[AIM OF THE TASK]
Copy the lines below exactly, starting at the one with "A stream of" and ending at the one with "به استناد مواد", and leave out any picture.

[SUPPLIED RECORDS]
--- START ---

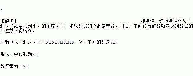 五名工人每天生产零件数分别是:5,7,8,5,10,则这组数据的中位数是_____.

--- END ---
--- START ---

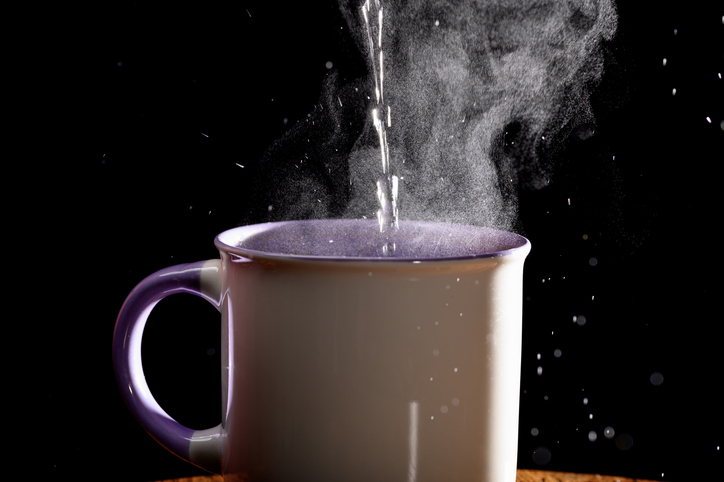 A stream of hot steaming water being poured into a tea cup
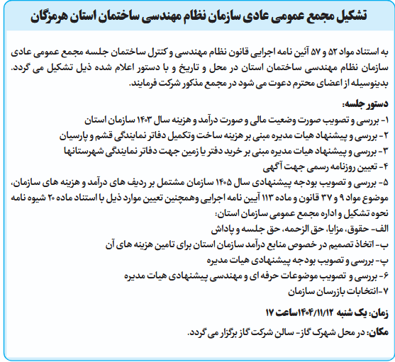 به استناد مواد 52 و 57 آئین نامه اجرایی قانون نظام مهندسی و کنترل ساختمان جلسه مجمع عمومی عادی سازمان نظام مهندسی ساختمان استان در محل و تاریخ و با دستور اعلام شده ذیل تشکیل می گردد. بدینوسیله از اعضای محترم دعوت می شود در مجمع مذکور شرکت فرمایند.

--- END ---
--- START ---

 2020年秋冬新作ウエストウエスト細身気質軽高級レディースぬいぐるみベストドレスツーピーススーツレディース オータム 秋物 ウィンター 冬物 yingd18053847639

--- END ---

[WRITTEN ANSWER]
 A stream of hot steaming water being poured into a tea cup
 به استناد مواد 52 و 57 آئین نامه اجرایی قانون نظام مهندسی و کنترل ساختمان جلسه مجمع عمومی عادی سازمان نظام مهندسی ساختمان استان در محل و تاریخ و با دستور اعلام شده ذیل تشکیل می گردد. بدینوسیله از اعضای محترم دعوت می شود در مجمع مذکور شرکت فرمایند.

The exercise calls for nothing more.